Cecking, the third phase of the Plan, Do, Check, Act process, requires us to look at what we have done, and evaluate it Did it accomplish what we expected? Were there unintended consequences? Is there a better way we could do it next time?

In order to answer these questions, we look at the system, and evaluate it and its outcomes. We measure data and variation using statistical processes.

Tools

Cause and Effect Diagram (Ishikawa Diagram)
Cause and effect diagrams visually plot causes of a certain event. Causes are usually grouped into major categories to identify these sources of variation

Control Chart
Control charts are tools used to determine whether or not a business process is in a state of statistical control.

Act

After you have gone through planning, doing, and studying, you get to the “Act” stage of PDCA. This stage requires you to use the analysis you did in the “Check” stage, and make one of the three choices:

  • Integrate what you have done into your organization and implement it on a larger scale.
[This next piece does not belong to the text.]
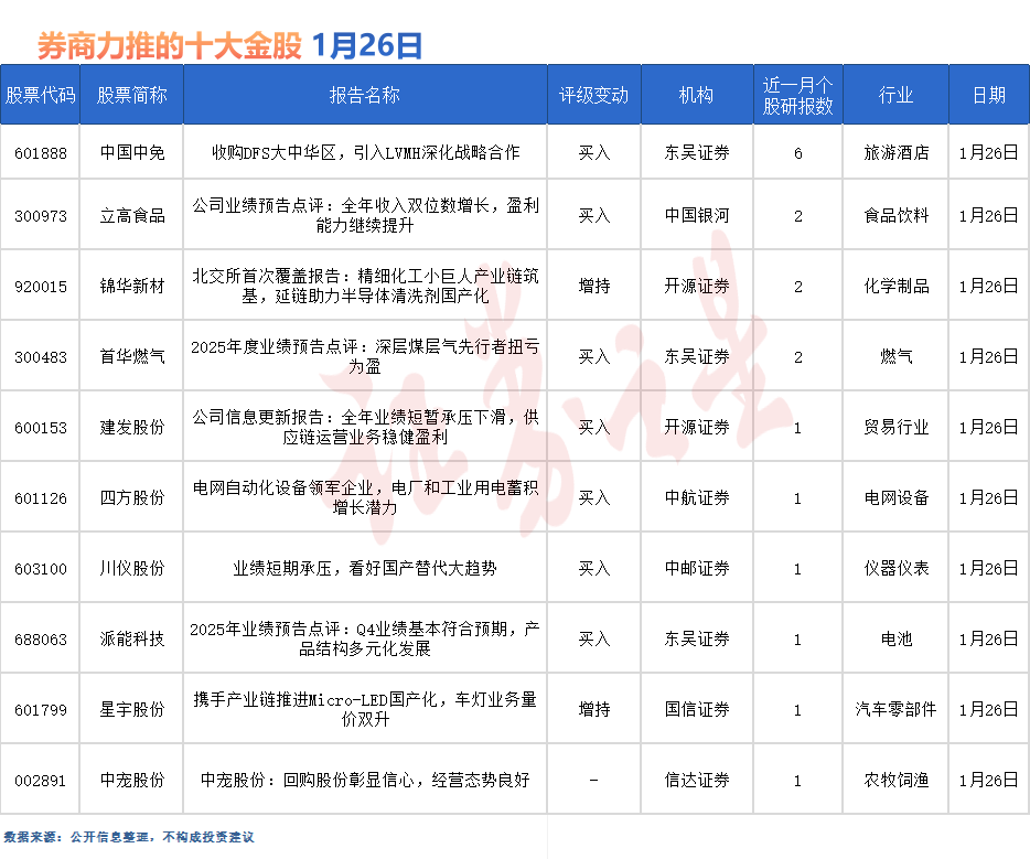 據證券之星數據庫不完全統計,1月26日券商共給予超10家A股上市公司“買入”評級。從行業分佈看,券商1月26日關注的個股聚焦於旅遊酒店、食品飲料、化學制品、燃氣、貿易、電網設備、儀器儀表、電池、汽車零部件、農牧飼漁等行業。

This is done when your first attempt was completely successful, and you don’t want to change anything.
  • Take corrective and preventive action. This is done when your first attempt was somewhat successful, but you learned from it and need to adjust the process.
  • Abandon the idea. This is done when your attempt was completely unsuccessful, and you don’t want to integrate any of it into your business operations.

There are different types of “acting” in organizations. When implemented as part of the PDCA cycle, “acting” is really “pro-acting” instead of “re-acting.” PDCA requires that we look ahead and anticipate what might happen, and prepare for it. People who take shortcuts with the PDCA cycle often end up in a “Do – Act” process, skipping the planning and the checking. This could really be renamed a “Do – React” process, whereby many resources are wasted.